Data to use:
-- Opening Marker --

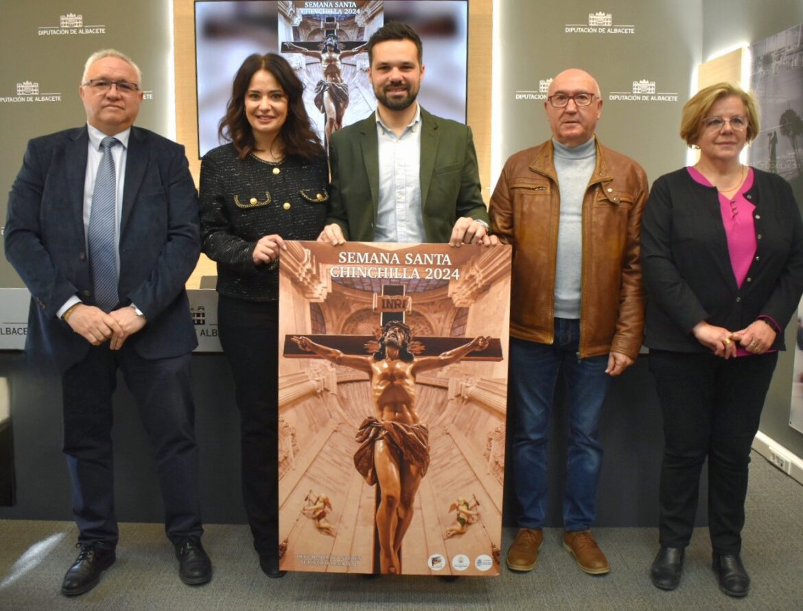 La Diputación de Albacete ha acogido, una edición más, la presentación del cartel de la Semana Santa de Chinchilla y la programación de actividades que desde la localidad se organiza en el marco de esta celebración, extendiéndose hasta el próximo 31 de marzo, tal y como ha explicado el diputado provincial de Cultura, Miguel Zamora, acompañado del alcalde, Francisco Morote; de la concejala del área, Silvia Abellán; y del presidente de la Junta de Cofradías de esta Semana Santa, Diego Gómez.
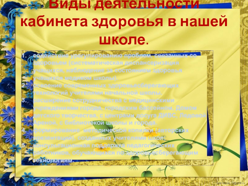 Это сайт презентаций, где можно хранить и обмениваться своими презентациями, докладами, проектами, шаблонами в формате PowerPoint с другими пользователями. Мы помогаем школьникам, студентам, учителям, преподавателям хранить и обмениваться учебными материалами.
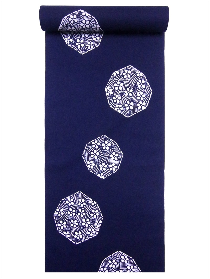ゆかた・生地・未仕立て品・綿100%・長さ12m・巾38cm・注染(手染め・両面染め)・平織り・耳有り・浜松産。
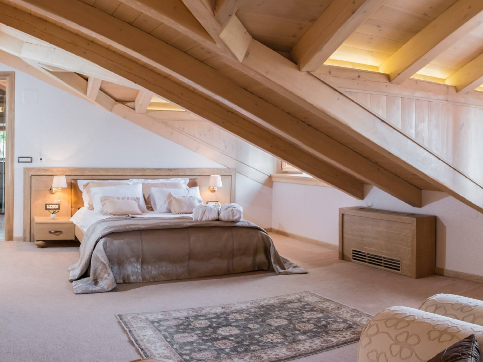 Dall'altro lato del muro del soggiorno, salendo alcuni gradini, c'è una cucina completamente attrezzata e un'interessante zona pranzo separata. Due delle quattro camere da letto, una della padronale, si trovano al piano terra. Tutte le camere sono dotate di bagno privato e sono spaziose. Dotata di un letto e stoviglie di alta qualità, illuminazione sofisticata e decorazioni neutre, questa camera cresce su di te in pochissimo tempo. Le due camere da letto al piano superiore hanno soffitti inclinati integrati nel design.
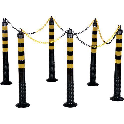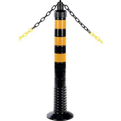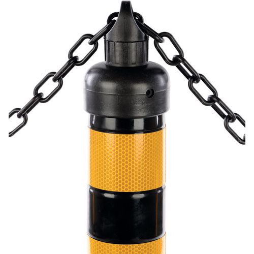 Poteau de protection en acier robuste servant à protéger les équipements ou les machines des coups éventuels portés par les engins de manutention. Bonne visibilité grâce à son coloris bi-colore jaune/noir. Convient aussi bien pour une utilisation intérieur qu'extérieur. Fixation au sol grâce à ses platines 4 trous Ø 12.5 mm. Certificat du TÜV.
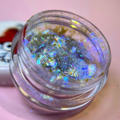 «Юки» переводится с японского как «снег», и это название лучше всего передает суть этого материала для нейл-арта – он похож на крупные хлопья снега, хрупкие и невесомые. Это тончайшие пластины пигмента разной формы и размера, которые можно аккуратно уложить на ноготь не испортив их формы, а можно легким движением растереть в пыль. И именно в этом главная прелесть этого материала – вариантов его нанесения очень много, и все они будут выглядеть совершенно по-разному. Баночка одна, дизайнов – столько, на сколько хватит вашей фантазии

-- Closing Marker --

Task goal:
Leaving out the pictures, restate word for word the lines above from the one containing "Poteau de protection" through the end of the records, both ends included.

Result below:
 Poteau de protection en acier robuste servant à protéger les équipements ou les machines des coups éventuels portés par les engins de manutention. Bonne visibilité grâce à son coloris bi-colore jaune/noir. Convient aussi bien pour une utilisation intérieur qu'extérieur. Fixation au sol grâce à ses platines 4 trous Ø 12.5 mm. Certificat du TÜV.
 «Юки» переводится с японского как «снег», и это название лучше всего передает суть этого материала для нейл-арта – он похож на крупные хлопья снега, хрупкие и невесомые. Это тончайшие пластины пигмента разной формы и размера, которые можно аккуратно уложить на ноготь не испортив их формы, а можно легким движением растереть в пыль. И именно в этом главная прелесть этого материала – вариантов его нанесения очень много, и все они будут выглядеть совершенно по-разному. Баночка одна, дизайнов – столько, на сколько хватит вашей фантазии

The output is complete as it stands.